The strength of the athletics department extends beyond its players’ muscles. The department’s budget is also mighty, and it continues to do well while the sour economy drives the university into the red. Gov. Chet Culver’s recent budget cuts have only made the situation worse, leading university officials to consider a surcharge and tuition hike.
The athletics department should rescue the school by opening its vast coffers.
Explaining the university’s financial situation as dire is an understatement. This is the worst fiscal crisis the school has faced in years. The governor’s order that the state’s budget be slashed 10 percent is only the latest in a series of financial setbacks the UI has faced. Last year, departments across the state also faced budget constraints, and next year looks even grimmer. Dwindling state revenue will force the regents and the university to make even deeper cuts. There appears to be no quick turnaround in sight.
But the university doesn’t have to bear its $24.7 million midyear budget cut alone, nor should it.
Unlike its academic counterpart, the athletics department is flush with cash. The football program alone brought in $19 million in revenue from ticket sales to games at Kinnick Stadium last year and expects to bring in even more this year. The Hawkeyes sold out every game last year — an impressive feat considering the country is experiencing the worst recession since the Great Depression. Licensing the Hawkeye logo alone brings in around $2 million a year in fees.

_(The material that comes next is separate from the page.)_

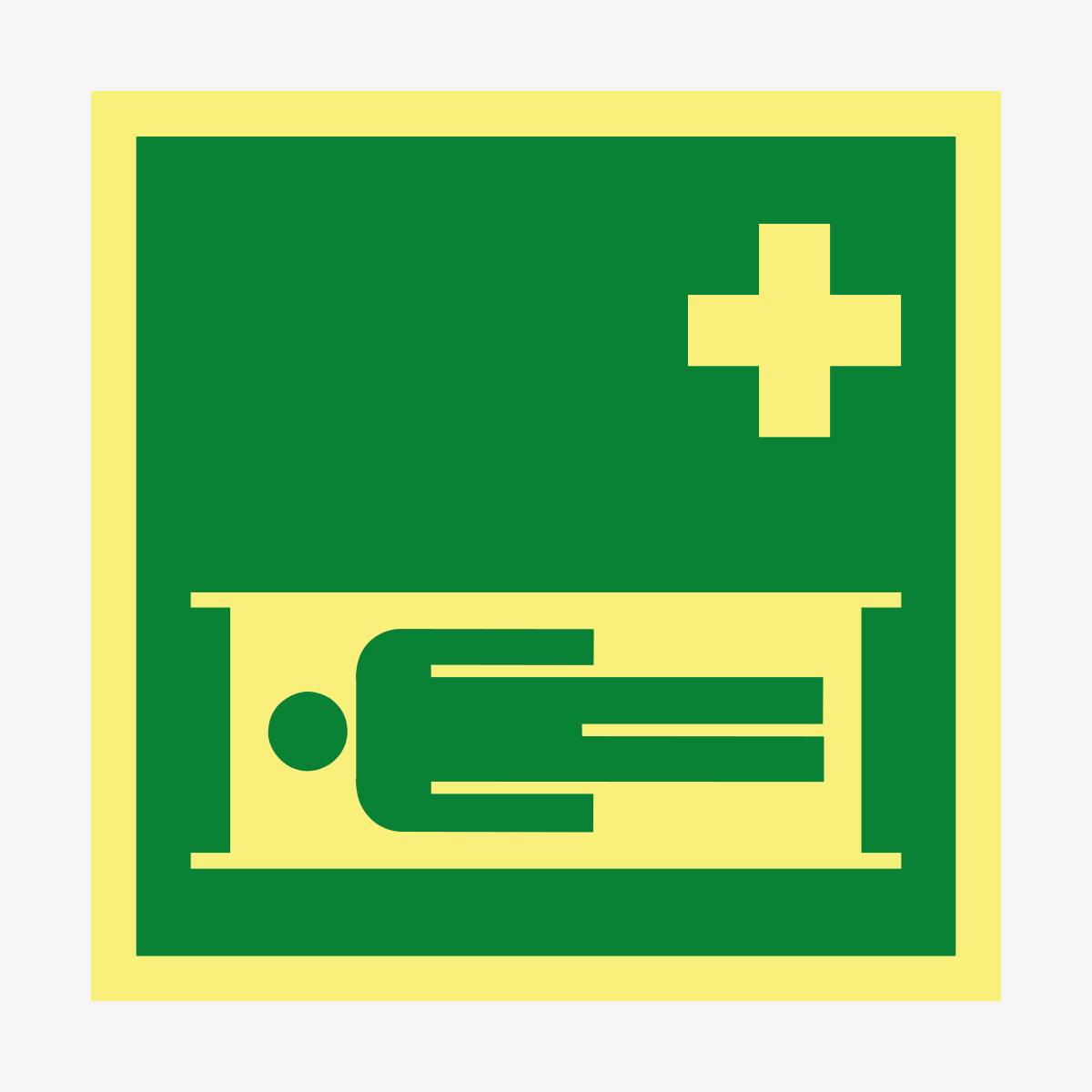 Tydlig nödskylt i efterlysande MEGA-kvalité för informerande om att sjukbår finns vid skylten. Skylten är utformad enligt standarden ISO 7010, symbolbeteckning E011. En slittålig skylt med lång hållbarhet som levereras utan hål eller tejp.
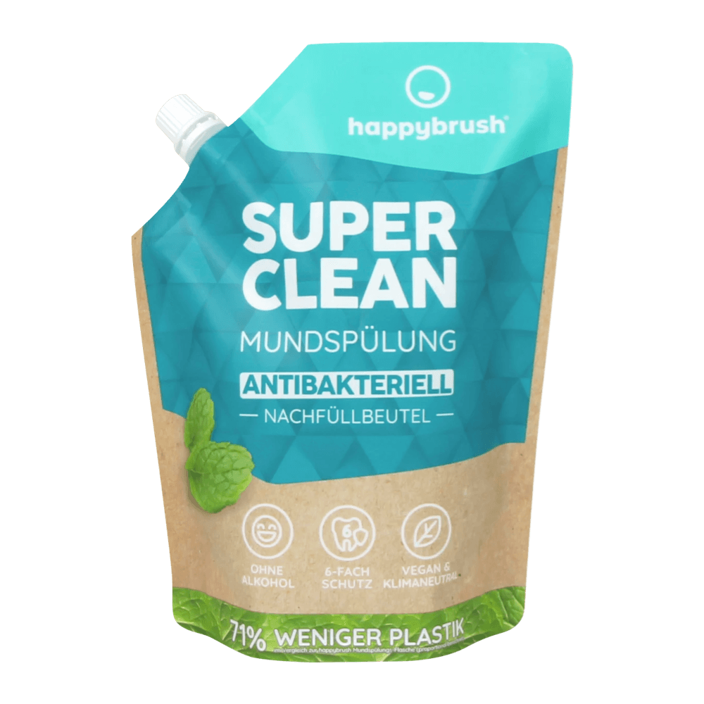happybrush SUPER CLEAN suuvesi on supervärskendav, kus antibakteriaalne piparmündi koostis hellitab Sinu hambaid ja hoolitseb igemete eest. Sisaldab naatriumfluoriidi (450 ppm). Sobib ainult täiskasvanutele. Ilma mikroplastita. Antibakteriaalne, vegan Ksülitooliga, Kaariese eest kaitse Hingamisteede tervise eest kaitse Plekkide eemaldamine Halitoosi vähendamine

Then there are donations to the athletics department from private donors, which have increased steadily in recent years. The athletics department asks season-ticket holders for gifts ranging from $50 to $600, depending on the section they choose.
This revenue is only a small part of the athletics department’s fiscal 2010 budget, which will be approximately $65 million.
Would it really be imposing, considering the disparate situations between the two, for the university to request aid from athletics?
This request is not an attempt to play down the benefits the UI already receives from athletics, the least of which is financial independence. Hawkeye athletics is the only Iowa public university athletics department not receiving money from the regents’ general fund, freeing up money for academic programs. The free advertising the UI gets from football games saves the university hundreds of thousands of dollars a year, and the $8 million Hawkeye athletics pays in tuition for athletes is also welcome revenue.
All these measures are much appreciated, but what the university needs now is some altruism on athletics’ part. The biggest expenditure for the athletics department is salaries — which, at approximately $23 million, makes up 35 percent of the budget. Athletics could follow Culver’s voluntary 10 percent salary cut and cut 10 percent from the salary budget. The $2.3 million the UI would receive may not seem like much relative to the athletics department’s $65 million budget, but it could go a long way and perhaps save the jobs of a couple professors or a handful of teaching assistants.
The move wouldn’t be completely selfless, either. Student-athletes suffer as much from the declining quality in education as non-athletes. For every Dallas Clark or Shonn Greene who makes it to the NFL, there are countless student-athletes who will pursue a career in fields other than the sports. A more significant investment in education would help these athletes.
A voluntary pay cut is only one suggestion. Hawkeye athletics could try a variety of different options, such as diverting some donations to the university’s general fund, if possible. Any method the department could help the university would be significant in these troubled times.
Athletics is a big department that does a lot of good for the UI and the community. In these times, however, the department should flex more of its mighty muscles to put the Black and Gold back in the black.